In August 2018, the FASB issued ASU 2018-13 to modify the disclosure requirements on fair value measurements. The amendments are effective for years beginning after December 15, 2019. An entity is permitted to early adopt any removed or modified disclosures and delay adoption of the additional disclosures until the effective date. Most amendments should be applied retrospectively, but certain amendments will be applied prospectively. The adoption of this standard did not have an impact on the Company’s consolidated financial position, results of operations and cash flows.

 

There are currently no other accounting standards that have been issued but not yet adopted that we believe will have a significant impact on our consolidated financial position, results of operations or cash flows upon adoption.

 

NOTE 3 – DISCONTINUED OPERATIONS

 

On May 1, 2019, the Company entered into a Share Exchange Agreement with Save On and Steven Yariv, whereby the Company returned all of the stock of Save On to Steven Yariv in exchange for Mr.
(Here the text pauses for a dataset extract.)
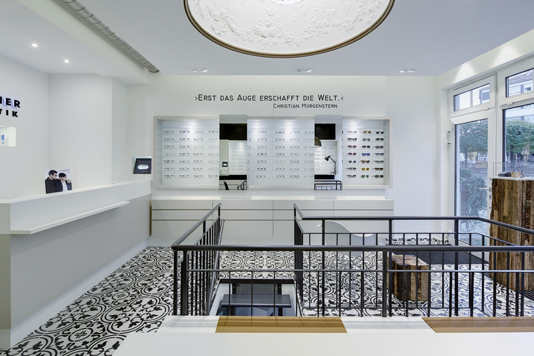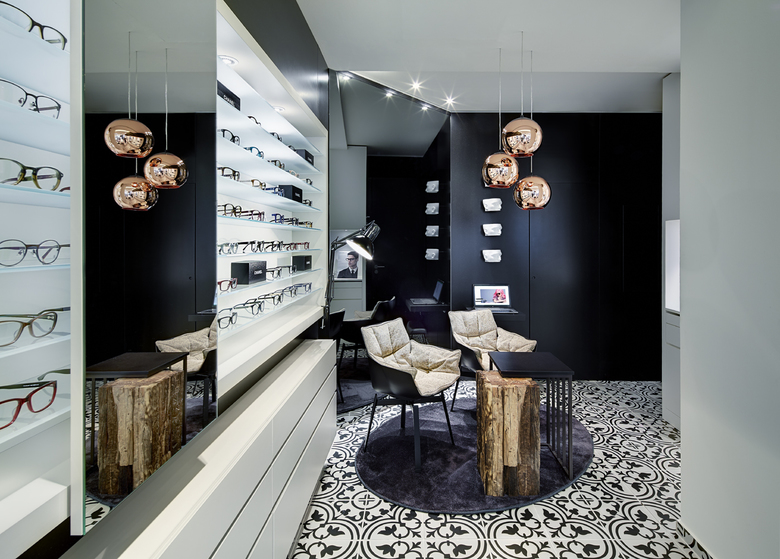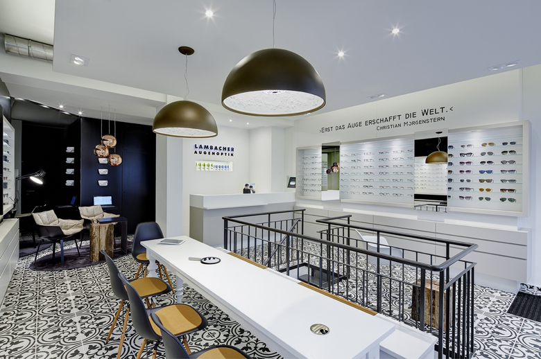 Das Pforzheimer Optikerfachgeschäft inszeniert seine Brillen in einem Ladenbau- und Designkonzept voller Gegensätze. Das kleine, im Erdgeschoss gelegene Ladenlokal schafft es, Kunden zu fokussieren. Bereits im Schaufenster treffen Materialien und Farben in unerwarteter Kombination zusammen. Imposante und hochwertige Glasvitrinen wurden hier auf riesigen Altholzstehlen platziert. Betritt man das ansprechende Ladenlokal befindet man sich direkt in einer Welt aus Klassik und Moderne. Das Auge hat hier viele, gekonnt platzierte Details zu entdecken.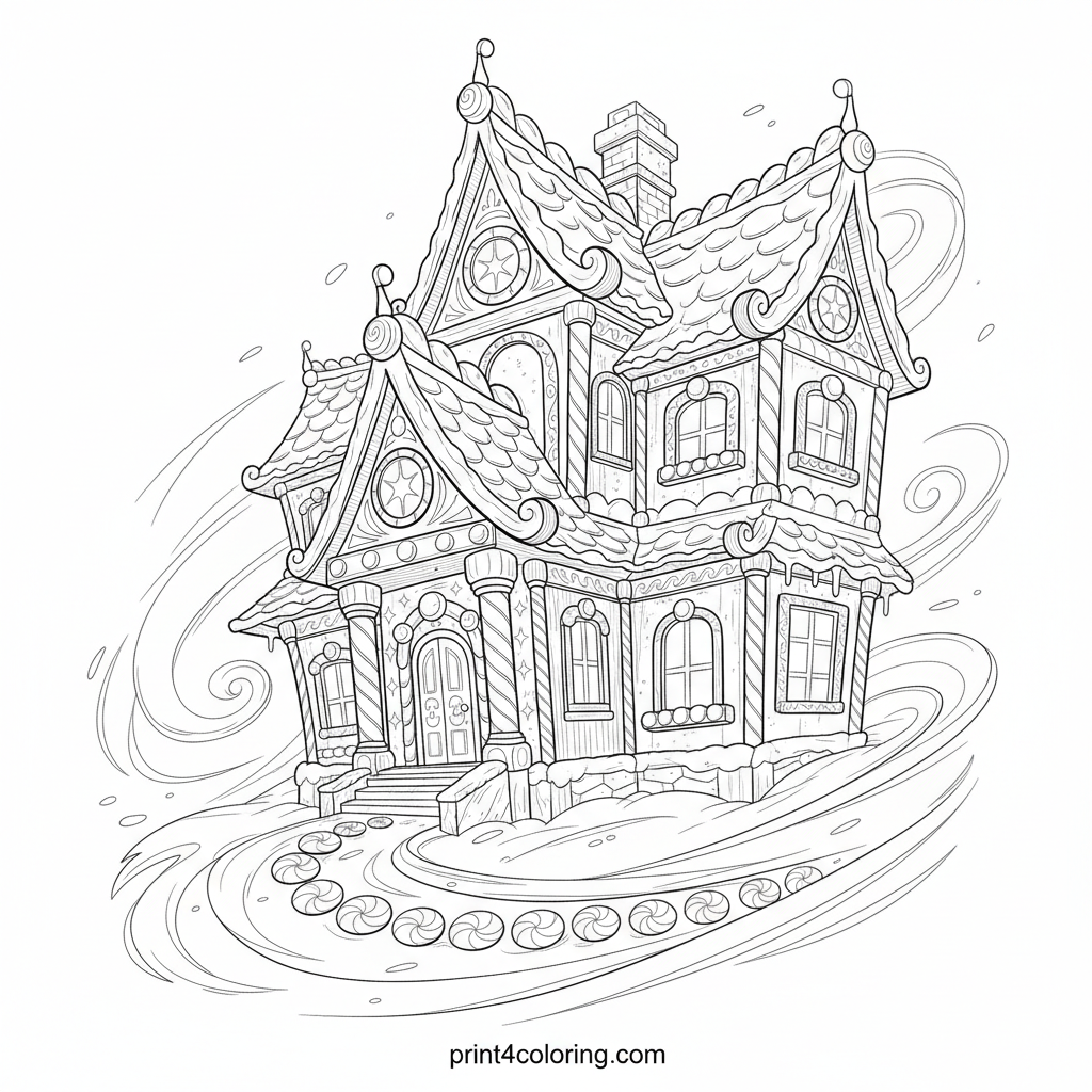 Unleash your expert coloring skills on this grand gingerbread mansion blueprint! Explore intricate candy cane columns, frosted eaves, and gumdrop windows. A peppermint path leads to this sugary masterpiece, set against a subtle snowy backdrop, waiting for your creative colors to bring its edible architecture to life.

Yariv conveying 1,000,000 shares of common stock of the Company back to the Company. In addition, the Company granted an aggregate of 80,000 options to certain employees of Save On. Mr. Yariv ceased to be an officer or director of the Company effective with the filing of the Company’s Annual Report on Form 10-K for the fiscal year ended December 31, 2018 as filed with the Securities and Exchange Commission on April 16, 2019.

 

Pursuant to ASC 205-20-45, the financial statement in which net income or loss of a business entity is reported shall report the results of operations of the discontinued operation in the period in which a discontinued operation either has been disposed of or is classified as held for sale. Accordingly, the Company reflects Save On as discontinued operations beginning in the second quarter of 2019, the period that Save On was disposed of and retroactively for all periods presented in the accompanying condensed consolidated financial statements. The business of Save On are considered discontinued operations because: (a) the operations and cash flows of Save On were eliminated from the Company’s operations; and (b) the Company has no interest in the divested operations. As of June 30, 2020 and December 31, 2019, the Company did not have any remaining assets and liabilities classified as discontinued operations in the Company’s condensed consolidated financial statements as of June 30, 2020 and December 31, 2019.